*Aim of the task*: Copy, word for word, the opening line of the data and each line after it until the line that contains "وَكَانَ رَسُولُ الله صلى الله عليه وسلم قَدْ", which is included. Leave the pictures out.

*Record extracts*:
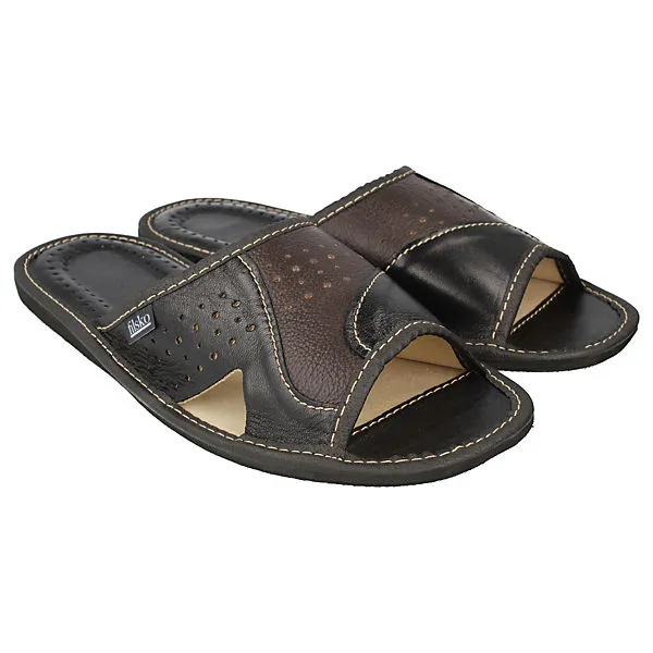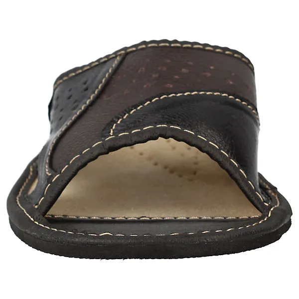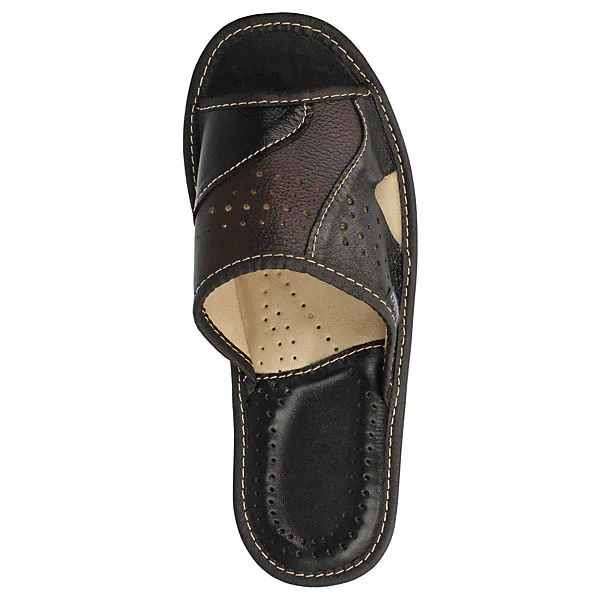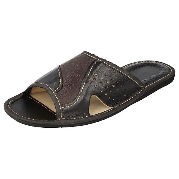 Der Herren Slipper von uns bietet ein angenehmes Tragegefühl und ein atmungsaktives Klima. Dank der Lüftungslöcher im Obermaterial und der Innensohle wird Schweißfüßen vorgebeugt. Der Fersenbereich ist gepolstert, sodass der Fuß beim Gehen und Stehen entlastet wird. Das Rindsleder auf dem Obermaterial ist von guter Qualität und lässt sich leicht mit Wasser abwischen. Die profilierte Gummisohle bietet einen sicheren Halt und schützt vor kleinen scharfen Gegenständen. Der Zehenbereich ist geöffnet, sodass der Fuß genügend Platz hat sich auszubreiten. Mit dem Herren Slipper erhalten Sie ein angenehmes Tragegefühl, ein atmungsaktives Klima und einen sicheren Halt.
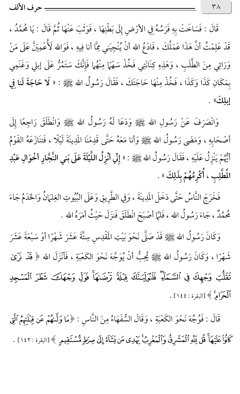 وَكَانَ رَسُولُ الله صلى الله عليه وسلم قَدْ صَلَّى نَحْوَ بَيْتِ المَقْدِسِ سِتَّةَ عَشَرَ شَهْرًا أوْ سَبْعَةَ عَشَرَ m l . شَهْرًا، وَكَانَ رَسُولُ الله صلى الله عليه وسلم يُحِبُّ أنْ يُوَجَّهَ نَحْوَ الكَعْبَةِ، فَأنْزَلَ الله {قَدْ نَرَى تَقَلُّبَ وَجْهِكَ فِي السَّمَاءِ فَلَنُوَلِّيَنَّكَ قِبْلَةً تَرْضَاهَا فَوَلِّ وَجْهَكَ شَطْرَ الْمَسْجِدِ الْحَرَامِ} [البقرة: ١٤٤].
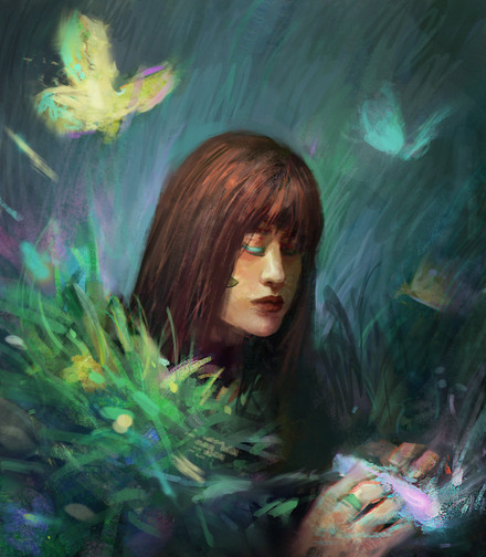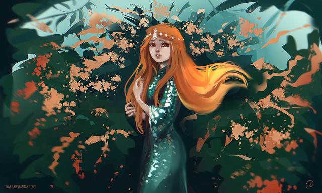 The ferns are so beautiful! The colours are great, and sync nicely! I'm really impressed by your shading, and colouring without lines. It's very praiseworthy!
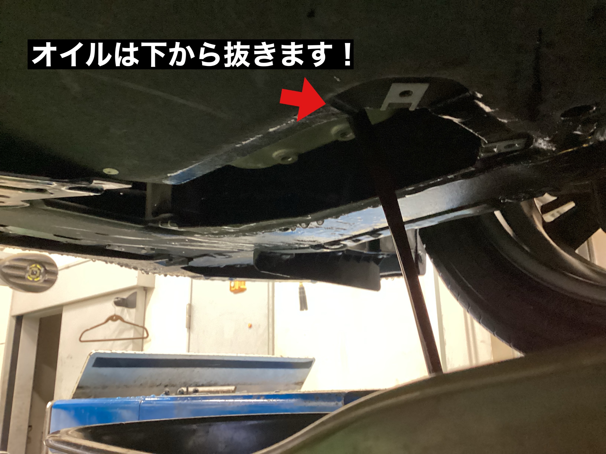 ドレンボルトを外して下からオイル抜きます!
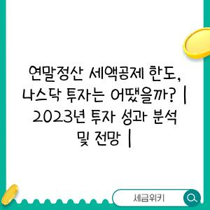 연말정산 세액공제 한도, 나스닥 투자는 어땠을까? | 2023년 투자 성과 분석 및 전망 |
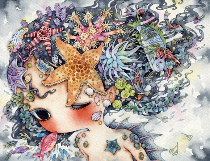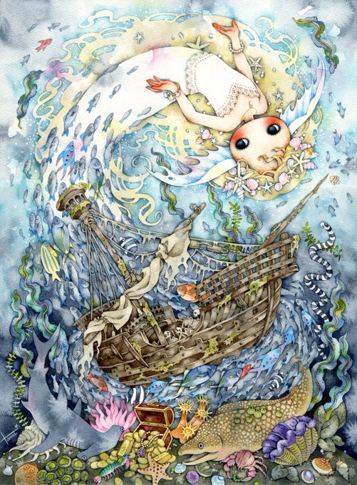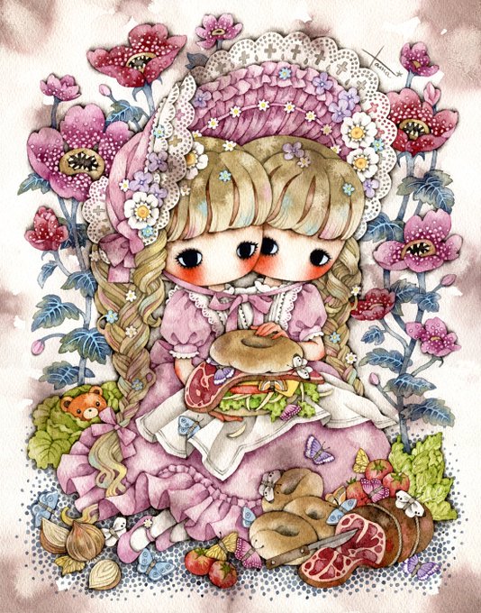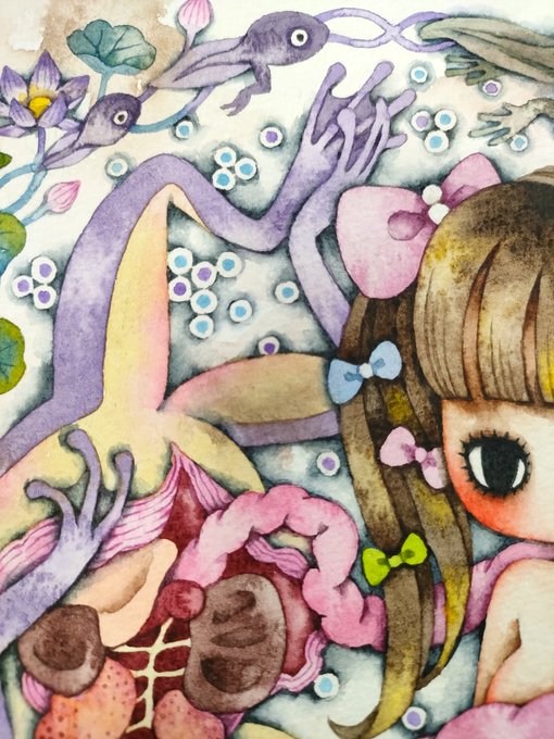 あまり早くに告知しても何なので言ってませんでしたが、実は次の個展は2024年3月7日からに決定しました‼️(ヴァニラ画廊) 一年切ってるー😱 という訳で、今年から描いてる絵はほぼ個展用です。 先日の新作もそう。 全体図をふわっと載せてみる… #少女主義的水彩画家たま
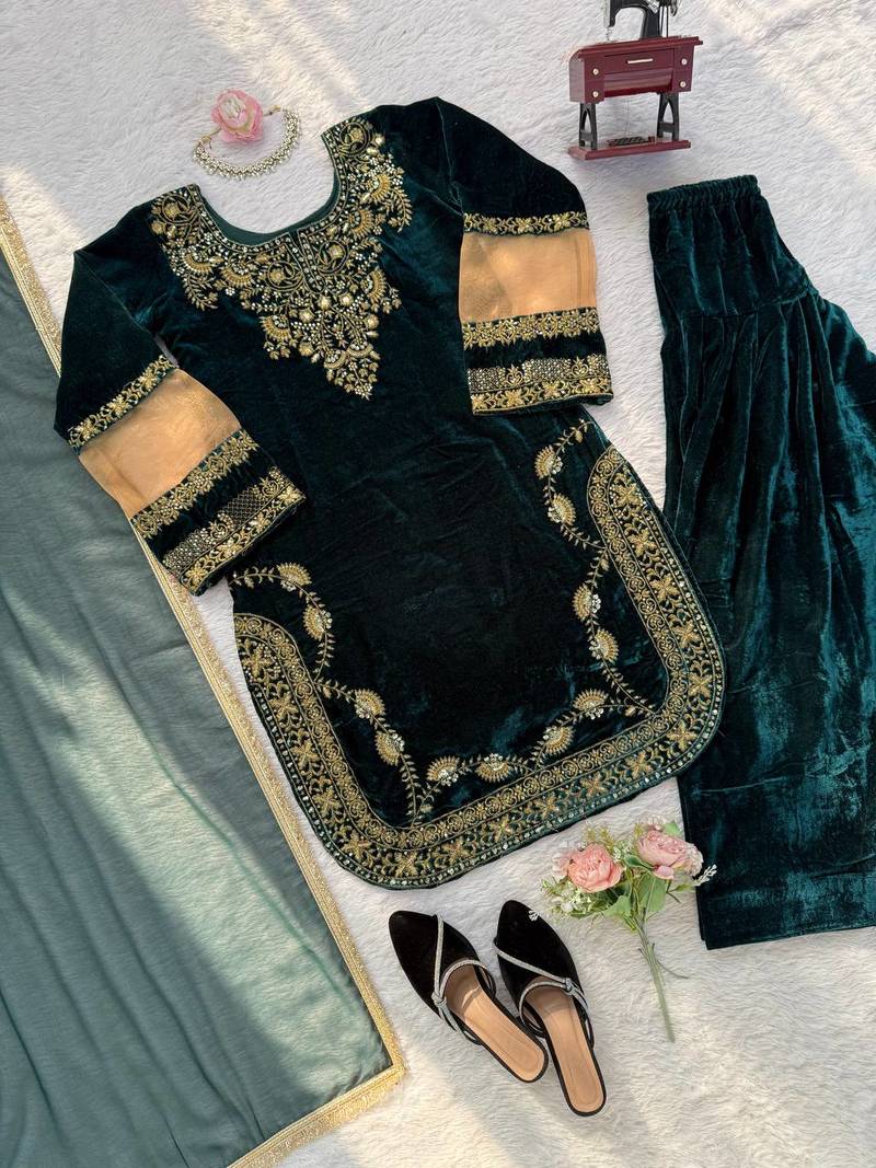 | Product Name | Teal Velvet Thread With Sequence Work Suit & Palazzo With Dupatta Set | |

*Response*:
 Der Herren Slipper von uns bietet ein angenehmes Tragegefühl und ein atmungsaktives Klima. Dank der Lüftungslöcher im Obermaterial und der Innensohle wird Schweißfüßen vorgebeugt. Der Fersenbereich ist gepolstert, sodass der Fuß beim Gehen und Stehen entlastet wird. Das Rindsleder auf dem Obermaterial ist von guter Qualität und lässt sich leicht mit Wasser abwischen. Die profilierte Gummisohle bietet einen sicheren Halt und schützt vor kleinen scharfen Gegenständen. Der Zehenbereich ist geöffnet, sodass der Fuß genügend Platz hat sich auszubreiten. Mit dem Herren Slipper erhalten Sie ein angenehmes Tragegefühl, ein atmungsaktives Klima und einen sicheren Halt.
 وَكَانَ رَسُولُ الله صلى الله عليه وسلم قَدْ صَلَّى نَحْوَ بَيْتِ المَقْدِسِ سِتَّةَ عَشَرَ شَهْرًا أوْ سَبْعَةَ عَشَرَ m l . شَهْرًا، وَكَانَ رَسُولُ الله صلى الله عليه وسلم يُحِبُّ أنْ يُوَجَّهَ نَحْوَ الكَعْبَةِ، فَأنْزَلَ الله {قَدْ نَرَى تَقَلُّبَ وَجْهِكَ فِي السَّمَاءِ فَلَنُوَلِّيَنَّكَ قِبْلَةً تَرْضَاهَا فَوَلِّ وَجْهَكَ شَطْرَ الْمَسْجِدِ الْحَرَامِ} [البقرة: ١٤٤].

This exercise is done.